Being a micro business based in the Jewellery Quarter since 2010 this is the first initiative that has actively consulted with a diverse range of stakeholders to shape the development of the area. It enabled us to challenge each other’s perceptions and empower us to present creative solutions that meet the needs of both businesses and residents as a priority.

Local resident, Tina Francis also adds:

Looking at my environment differently has been the best part of being involved in this activity.  It’s been interesting to learn what other people love about the place I call home.

The visioning studies have been welcomed by Birmingham City Council and the GBSLEP, with received support from both. Anita Bhalla, GBSLEP Interim Chair, commented:

Publishing these vision documents is an important step along the way for the Jewellery Quarter to realise its full potential as a business cluster, visitor attraction and historical residential area. GBSLEP has been working alongside the JQDT for some time – along with partners across our region – following our funding of 9 Cultural Actions Zones over the last 18 months. Each is different, as they adapt to local needs. For JQ this CAZ has been about bringing local stakeholders together to develop a shared vision and practical action plan, which aligns with the Government’s levelling up agenda and is a toolkit to unlock future local funding and support.

Local development company, Cordia Blackswan, who contributed to the Great Hampton Street working group is already putting plans in motion. Deputy CEO Andras Karpati, comments:

Cordia Blackswan is based in the Jewellery Quarter and our developments here seek to raise the bar in terms of community, quality and amenity. We were excited to have the opportunity to participate in this visioning project and alongside the JQDT we have the aspiration and enthusiasm to help turn the vision into reality.

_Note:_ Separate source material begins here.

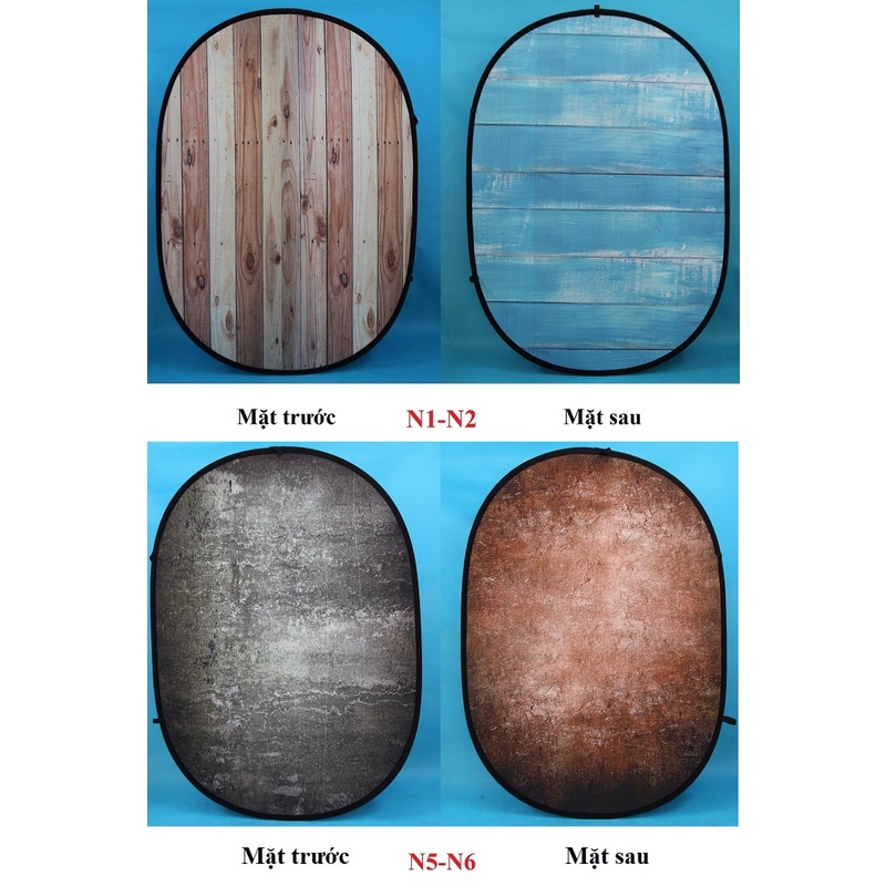 Cameras & Flycam > Phụ kiện máy ảnh > Thiết bị ánh sáng và phòng chụp || Phông vải studio 2 mặt khung uốn dẻo di động 1.5x2m, Phông loang, vân gỗCòn hàng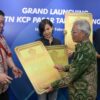SUARAINDONEWS.COM, Jakarta – Direktur Utama BTN Nixon LP Napitupulu disaksikan Direktur Distribution & Funding BTN Jasmin dan Kepala BTN Kantor Wilayah (Kanwil) 2 DKI-Banten Iriska Dewayani memberikan potongan tumpeng kepada nasabah BTN Rasyad Pandhega dalam acara Grand Launching BTN KCP Pasar Tanah Abang Blok A di Jakarta, Kamis (22/2).

CGI showing how the narrowing of Great Hampton Street will benefit the community with outdoor seating and trees
CGI showing how the narrowing of Great Hampton Street will benefit the community with outdoor seating and trees. Credit – Cordia Blackswan

Nicola Fleet Milne, who is Co-Chair of the Jewellery Quarter Neighbourhood Plan, comments on how the area’s Neighbourhood Plan continues to open new doors:

The JQ Plan was created to be an enabler for high-quality development in the Jewellery Quarter which puts the area’s businesses and residents first. As a community-led project itself it was also intended to spur on further work, and it’s thrilling to see the Plan open the door to another community-led initiative supported by GBSLEP’s grant.

The visioning studies have been funded by the GBSLEP, with grant funding also being used to explore the development of a Jewellery Quarter creative incubator as well as enhancements to the visitor economy.